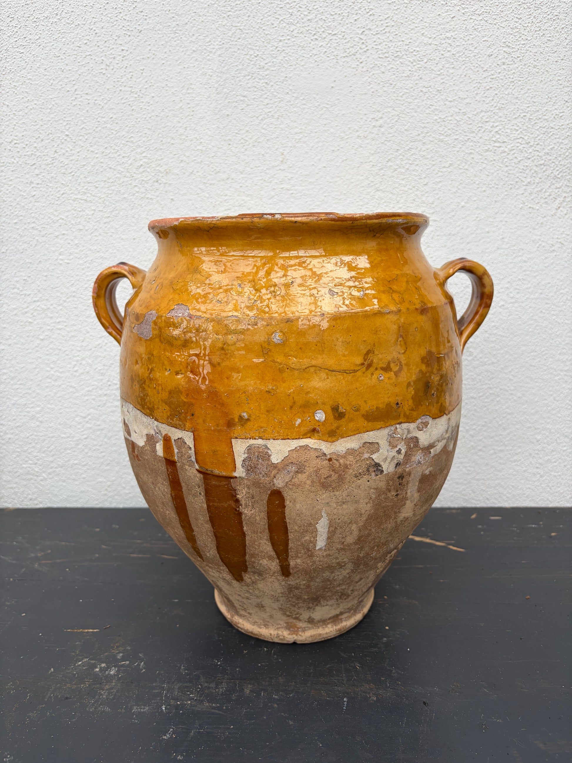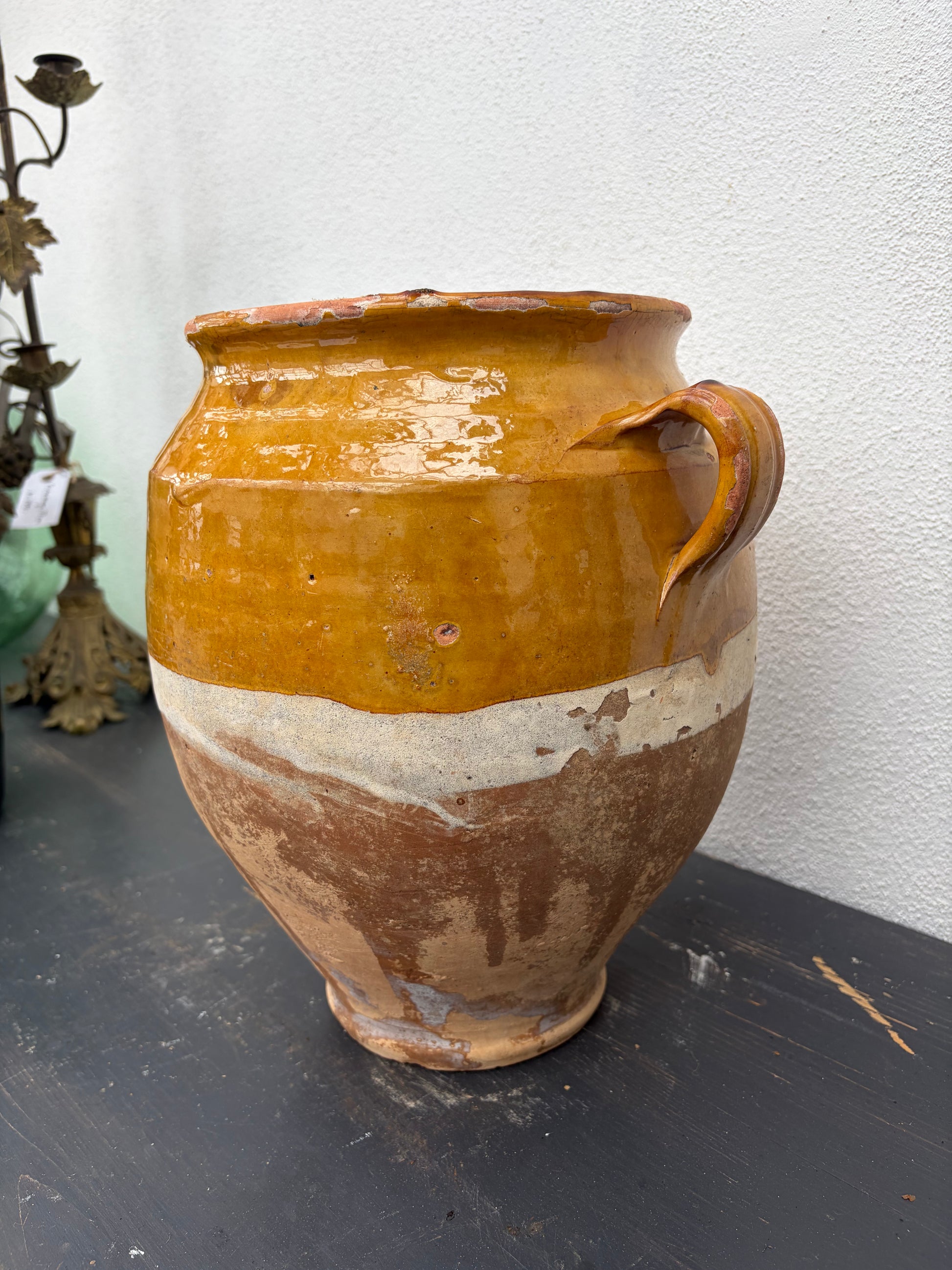 Flot stor confitkrukke med gul glasur.
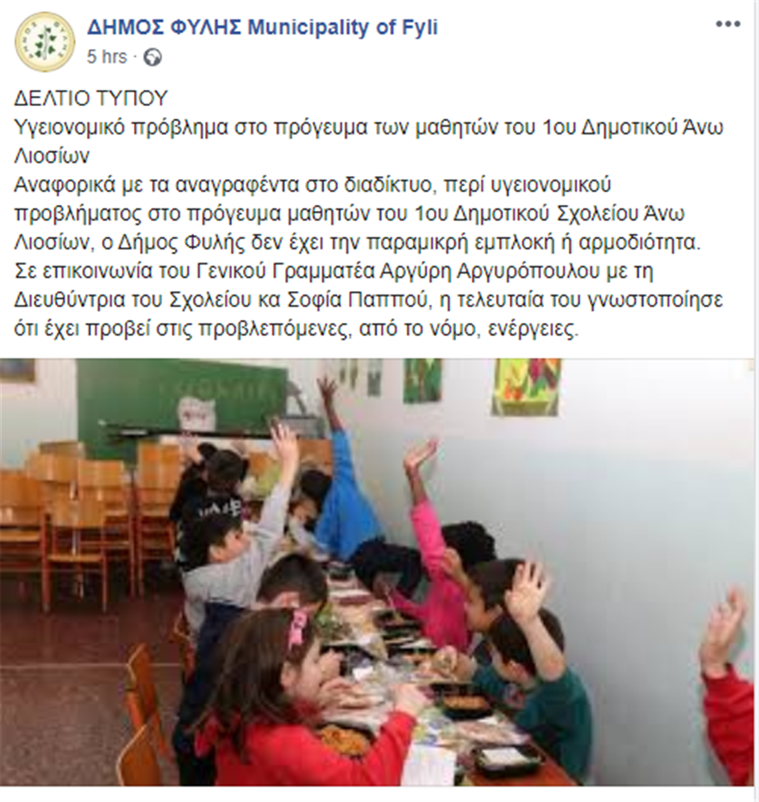 Παράλληλα ο Δήμος Φυλής μετά τον σάλο με την κατσαρίδα ξέσπασε για το εν λόγω εύρημα που μοιράστηκε μέσω του προγράμματος Σχολικά Γεύματα προέβη στην κάτωθι ανακοίνωση:
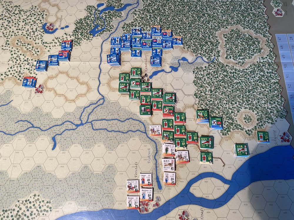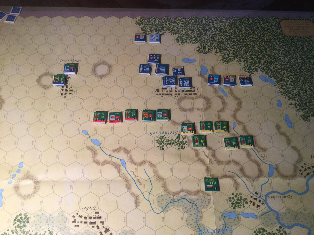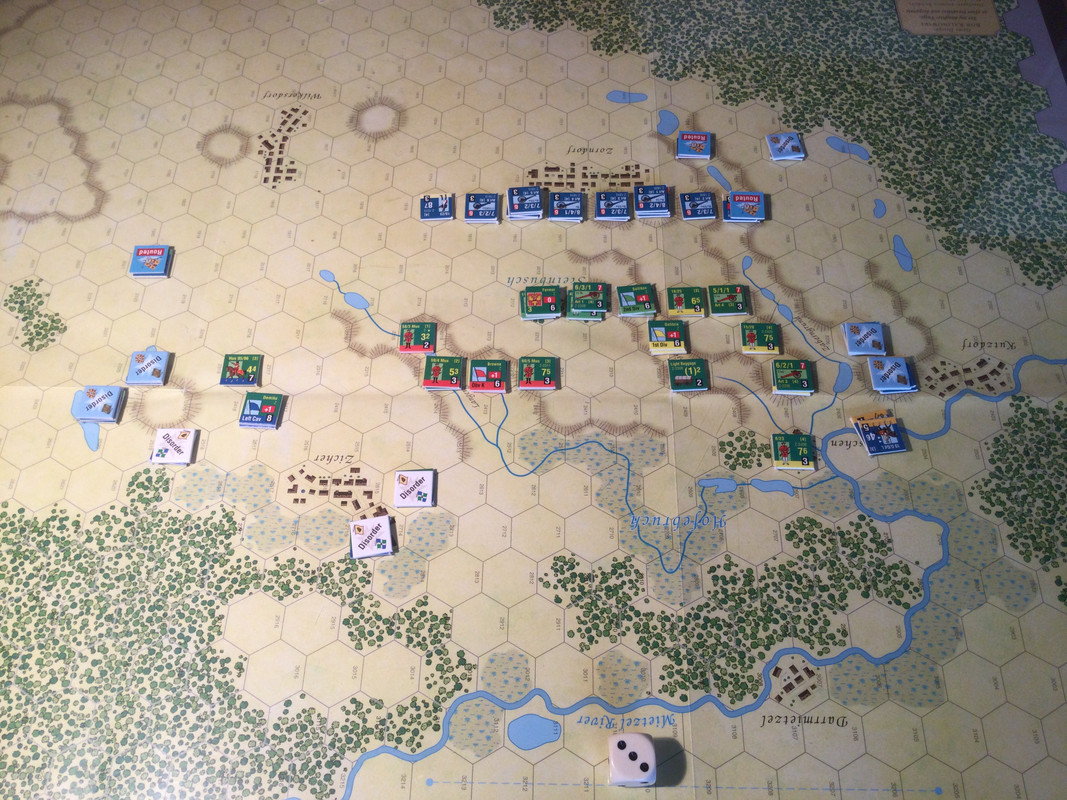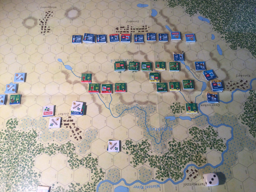 Det ena misstaget var att gruppera infanteriet inom räckvidd för det preussiska artilleriet. Även om det är på maxavstånd  får han god verkan då han kraftsamlar eld från flera enheter mot ett mål. Mitt eget artilleri är inte grupperat i främre ledet utan är tänkt att möta preussaren med eld när han tvingar mitt främre led bakåt med sitt infanteri. Det verkade klokt när jag valde att göra så, hans infanteri borde betvinga mitt och jag ville inte omgruppera artilleriet och låta dem ta eld utan att kunna skjuta tillbaka under omgrupperingen. Men nu är mitt infanteri värnlöst och han kan bara bängla på! Det uppstår ett hållit min linje mellan Centern och den yttersta högern. Den preussiska vänstern kan anfalla den yttersta högern från tre håll (hex)! Jag har enda framgrupperade artilleri där, så det kommer kosta lite, och under artilleriet finns ett grenadjärförband. Men oddsen är emot mig näst GT. Preussaren kommer inte missa den chansen.
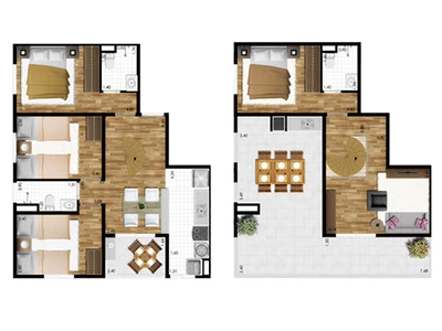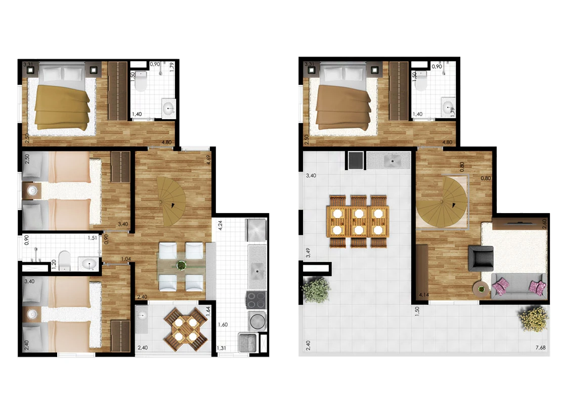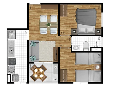 2 e 3 dormitórios (opção com suíte)
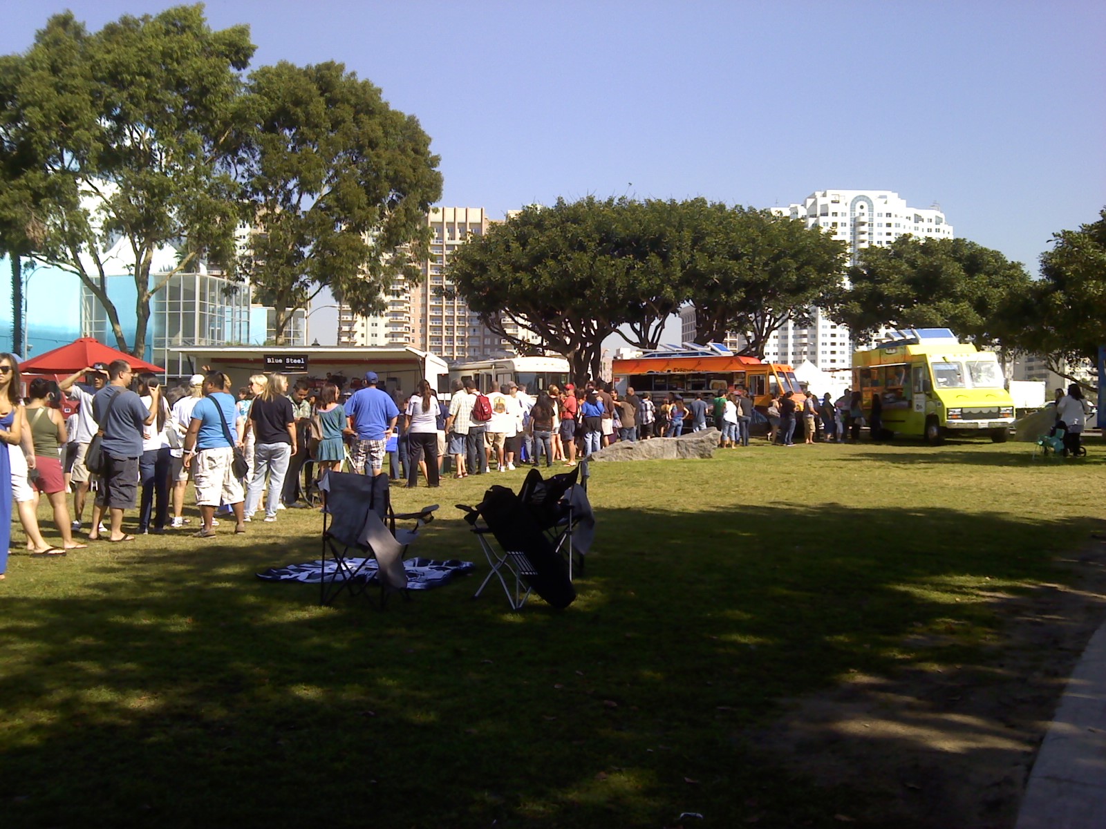 There was a big gourmet truck gathering at the Rainbow Lagoon Park in Long Beach. Over 20 trucks were there, with admission $6 for pre-sale, $8 cash at the door.  The proceeds were going to Long Beach City schools.

__What to work on__
The lines to repeat start at the one holding "2 e 3 dormitórios (opção com suíte)" and run through the last line of the records above; write them out exactly, both ends included, but not the pictures.

__Output for this exercise__
 2 e 3 dormitórios (opção com suíte)
 There was a big gourmet truck gathering at the Rainbow Lagoon Park in Long Beach. Over 20 trucks were there, with admission $6 for pre-sale, $8 cash at the door.  The proceeds were going to Long Beach City schools.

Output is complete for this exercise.